The results for thoracic discs were as follows. The average baseline volume was 0.754 (SD: 0.203) ml in the nucleoplasty group (n = 18) and 0.786 (SD: 0.219) ml in the placebo group (n = 18), showing no statistically significant difference (p = 0.130) (Fig. 2). Thoracic discs treated with nucleoplasty showed a significant nucleus pulposus volume reduction (pre- versus postprocedure) of 0.052 (SD: 0.035) ml or 6.30% (p<0.0001). Placebo-treated thoracic discs showed a significant volume increase (due to instrument manipulation) of 0.062 (SD: 0.053) ml or 8.42% (p = 0.0002) (Table 1, Fig. 3).
The whiskers represent the smallest and largest values in the 1.5× interquartile range. The group differences were not significant - p = 0.130 and p = 0.461.
In the thoracic group, nucleoplasty decreased nucleus volume by 0.114 (SD: 0.054) ml or 14.72% compared with the placebo group (Table 2, Fig. 4).

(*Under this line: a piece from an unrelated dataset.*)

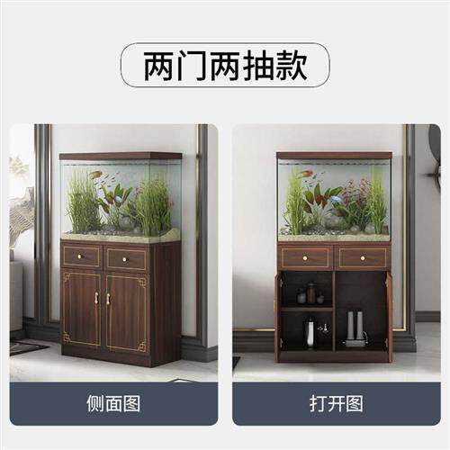 淘宝新中式鱼缸柜实木底柜超白缸海缸地柜带抽屉描金水族箱水草缸架子
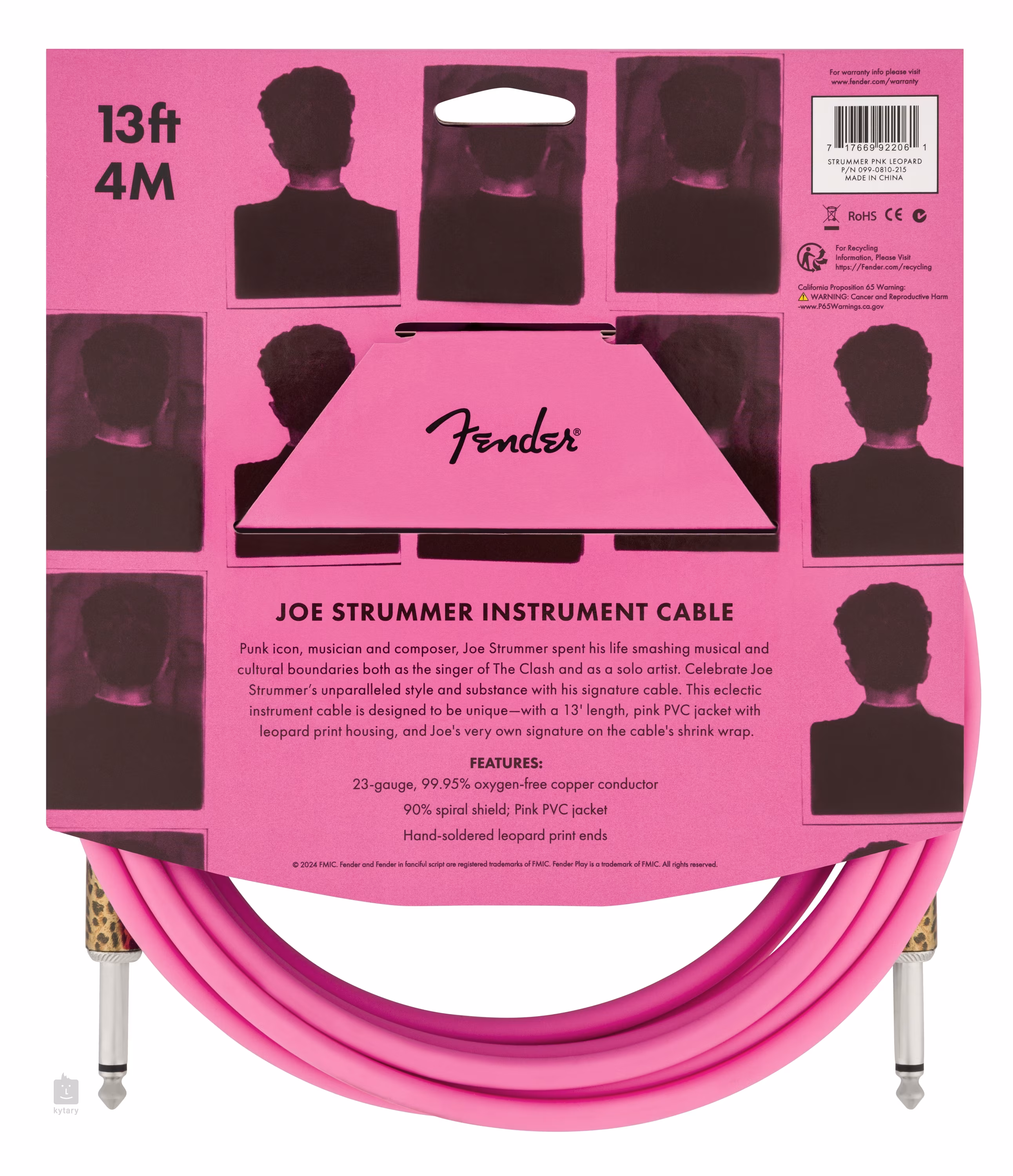 Le câble INST CBL STRUMMER PNK LEOPARD de Fender célèbre le style unique et les contributions de l'icône punk Joe Strummer, qui a passé sa vie à briser les frontières musicales et culturelles en tant que chanteur du groupe The Clash et en tant qu'artiste solo. Ce câble exclusif a une longueur de 4 mètres, une gaine en PVC rose avec un imprimé léopard et la signature de Joe sur le film rétractable du câble, ce qui en fait une pièce vraiment unique.

Comparison of the values of the thoracic group and thoracolumbar group shows a volume increase in the placebo group and a volume reduction in the nucleoplasty group (°- markers denote “mild” outliers within the 1.5× and 3× interquartile ranges).
The average baseline volume of the larger thoracolumbar junction nuclei was 0.850 (SD: 0.200) ml for the nucleoplasty group (n = 8) and 0.881 (SD: 0.214) ml for the placebo group (n = 8), showing no significant difference (p = 0.461) (Fig. 2). For the thoracolumbar junction group as well, a significant postnucleoplasty volume reduction (pre- versus postprocedure) of 0.082 (SD: 0.042) ml or 7.25% (p = 0.0078) was demonstrated. In the placebo group, a nonsignificant volume increase (due to instrument manipulation) of 0.011 (SD: 0.082) ml or 4.36% (p = 0.547) was measured (Table 1, Fig. 3).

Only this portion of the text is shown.